**What needs to be done:** Below are several records. Retype exactly those lines running from the one with "Набор сувенирное оружие" through the one with "ColorBanner Framed Vintage", end lines included, and no others.
==== Listed entries
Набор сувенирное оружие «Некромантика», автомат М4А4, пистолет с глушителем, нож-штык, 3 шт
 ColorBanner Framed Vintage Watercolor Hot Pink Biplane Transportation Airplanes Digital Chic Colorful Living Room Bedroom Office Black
========
==== Listed entries
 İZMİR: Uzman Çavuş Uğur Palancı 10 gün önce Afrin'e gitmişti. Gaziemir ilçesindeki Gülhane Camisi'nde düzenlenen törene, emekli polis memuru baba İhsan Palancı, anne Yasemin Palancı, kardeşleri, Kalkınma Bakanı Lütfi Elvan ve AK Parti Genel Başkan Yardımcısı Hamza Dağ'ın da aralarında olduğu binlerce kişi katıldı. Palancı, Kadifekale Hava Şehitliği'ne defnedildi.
========
**Answer section:**
Набор сувенирное оружие «Некромантика», автомат М4А4, пистолет с глушителем, нож-штык, 3 шт
 ColorBanner Framed Vintage Watercolor Hot Pink Biplane Transportation Airplanes Digital Chic Colorful Living Room Bedroom Office Black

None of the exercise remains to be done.